5. All wards and departments should ensure proper disposal of various categories of waste (both infectious and non-infectious) in their own areas, in consultation with the Officer in charge of Hospital Waste Disposal System and as per laid down SOP on the subject. 6. The following swabs should be sent every fortnight from OT, ICU, Burns ward, Labour room and NICU: Floor swabs, Wall swabs, Trolley / Table swabs, Swab from the inside of baby incubator, air culture on settle plates from OT. A record of results should be maintained in a separate register by the concerned ward. 7.

The hospital laboratory should provide antibiotic sensitivity tests against bacterial isolates from infected cases. The trends of antibiotic sensitivity should be conveyed at every monthly clinical meeting and a quarterly appraisal given to the Infection Control Committee. Necessary steps are taken depending on the sensitivity patterns and opinion of the committee members. Epidemic strains (MRSA and other resistant staphylococci, any new epidemic strain isolated, epidemic Pseudomonas species) and their antibiotic sensitivity patterns should be conveyed by the pathologist on PRIORITY to the concerned specialist and also to the Officer in charge of the Hospital Infection Control Team.

8. The Hospital Infection Control Committee may meet quarterly to discuss the previous quarter's data. Antibiotic "holidays " may have to be given in consultation with the Officer in charge of Medical Stores. In addition to the quarterly meetings the laboratory can provide the antibiotic sensitivity patterns in any month and point to any impending resistance emerging due to over usage of an antibiotic. Any spread of resistant strains can also be brought out. 9.

The antibiotic policy (both at issue and user points) will be reviewed from time to time by the Infection Control Team. The purpose of the policy measures should be the following: a) To prescribe adequate quantity of the most effective, most economical an easy to administer drugs in the given situation. b) To monitor the infection pattern of in-patients ward and department wise. c) To reduce the possible development of resistant strains in the hospital by selective and judicious use of antibiotics. Conclusion The large array of antibiotics available is indeed bewildering and confusing. Numerous "surveys" have reported that at least 50% of antibiotic usage were "unnecessary" and in some way "inappropriate". Aside from the cost involved there are the cost, mental agony of adverse effects, drug interactions and eventual cost of treating mutant organisms.

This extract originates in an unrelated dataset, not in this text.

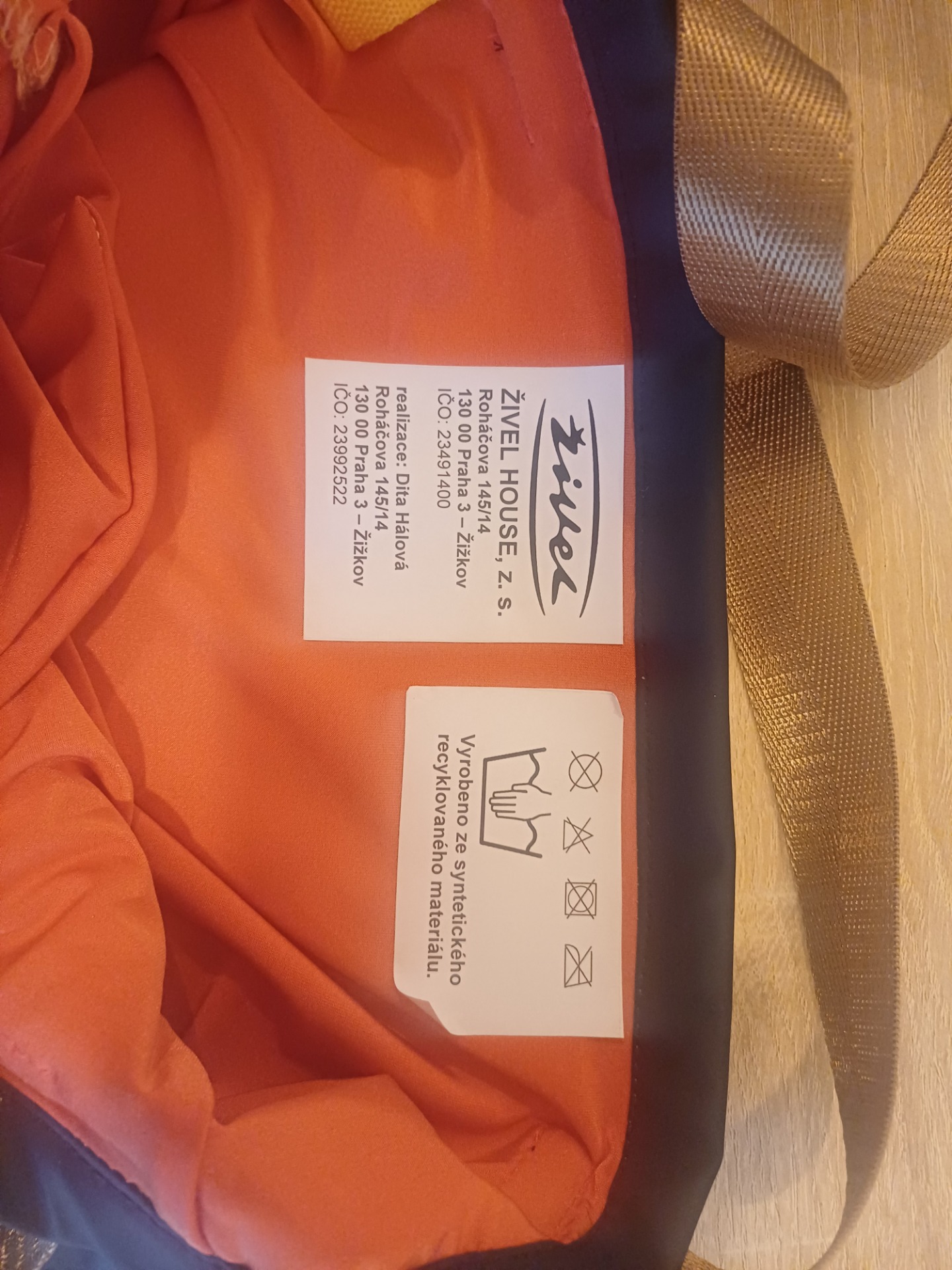 Ušity jsou z nepromokavého materiálu s bannerovou kapsou s částí motivu první obálky v rozměrech 35 x 27 cm, délka modrobílých popruhů – 65 cm. Mají úchyt pro karabinu na klíče a s oranžovou úpletovou podšívkou s praktickou vnitřní kapsou.

Many a time such mutants can claim a precious life! The following suggestion a are offered by an esteemed clinical author: - a) Objective evidence regarding the merits of newer drugs may be read from medical literature before starting them on the basis of what the Company manufacturing it says. b) Clinicians should resist the temptation of using new drugs unless the merits are clear. A newer drug with broader spectrum and longer half life does not necessarily mean greater clinical efficacy c) Clinicians should be familiar with local bacterial susceptibility patterns and should refrain from changing to a new drug if the organism is obviously sensitive to the older drug d) For empirical use a narrow spectrum is advisable e) Cultures should always be sent before starting antibacterial therapy: results if positive may be vital for management of the case! f) If antibiotic sensitivity is available, it is wiser to switch to a more specific agent rather than carry on with a broad spectrum agent: this will avoid undue selection pressure on the organism to mutate. If these guidelines are followed, the care of the patients will not be undermined, many unnecessary complications averted and the useful life of valuable drugs will be extended.